Gojira-B log evidence recorded model load at about `17.8 GiB` memory for both
8k and 16k bitsandbytes runs. This is a meaningful local-serving improvement
over the full bfloat16 vLLM model load, which reported about `50.22 GiB`.
The 16k business-document task passed, and the current speed pass keeps the
runtime-quantized vLLM service active for OpenCode through the local proxy.
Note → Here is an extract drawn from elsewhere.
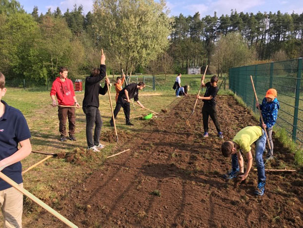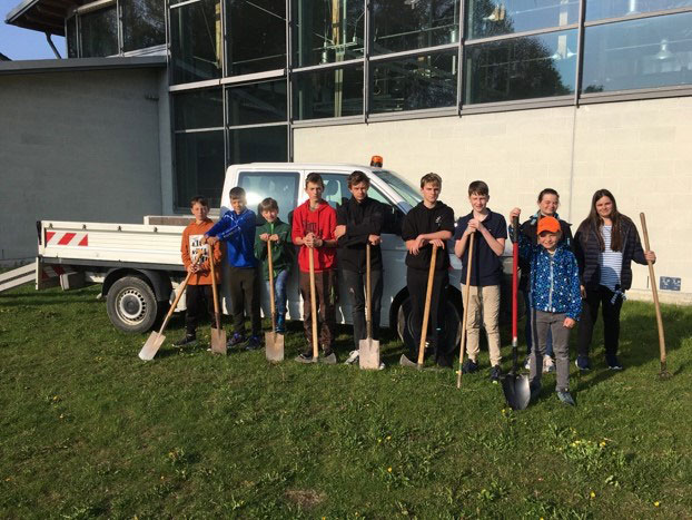 Zu Beginn wurde der harte Boden (ca. 50 qm) seitens des Bauhofes mittels einer Rasenfräse gelockert. Die Schüler haben anschließend die neue Kulturfläche mit Spaten, Schaufeln, Kreuzhacken und Rechen fertig vorbereitet. Nachdem das Saatgut ausgebracht wurde, musste der Boden angewalzt werden.

The dedicated website harness/router speed pass produced a complete checked
website in about `7.2s` through vLLM bitsandbytes:

- Direct website harness: `runs/harness/website-speed-pass/avery-stone-vllm.html`
- Router artifact: `runs/router-speed-pass/20260603T223731Z-website-build-a-premium-one-page-website-for-avery-stone-construction-a-reside/index.html`
- Local-proxy router artifact: `runs/router-speed-pass/20260603T224328Z-website-build-a-premium-one-page-website-for-bennett-family-dental-in-charlott/index.html`
- Router checks: complete HTML, required sections, external images,
  responsive CSS, no lorem ipsum, manifest write

OpenCode one-file smoke also passed through the runtime-quantized endpoint:

```bash
bash scripts/run_kaiju_quantized_opencode_smoke.sh
```

Result:

- Workdir: `/tmp/kaiju-opencode-quantized-smoke`
- File: `hello.txt`
- Exact content: `Kaiju Coder 7 quantized runtime ok`
- OpenCode config: isolated temporary `HOME`, no global config edit
- Permission mode: `--dangerously-skip-permissions` inside the temporary smoke
  harness only

## Persisted GGUF Candidate

A Q8_0 GGUF candidate now exists on Gojira-B:

```text
/home/richardecholsai5/kaiju-coder/models/kaiju-coder-7-gguf/kaiju-coder-7-Q8_0.gguf
```

- Size: `27G`
- SHA256:
  `596a2c227a429c7309db753061d88d71ee3f8a3b48f17e41ba9d81b0f55bdd4e`
- Conversion evidence:
  `runs/gguf-conversion/20260603T231446Z/gguf-conversion.log`
- Local docs: `release/gguf/README.md`

This is not public quantized-weights release evidence yet. It still needs a
runtime smoke that proves identity, business-owner output, and the intended
OpenCode/router path under an actual GGUF runtime.

## Release Interpretation

This is a working quantized local runtime candidate. It is useful for internal
testing, serious GPU users, and the next paid API speed experiments. It is not
yet a standalone public quantized weights repo because the only fully smoked
path is still the full merged model loaded through bitsandbytes at runtime.

The next release step is to smoke-test the GGUF candidate or package this
runtime path as an advanced serving recipe while clearly saying it still
requires access to the full Kaiju Coder 7 merged weights.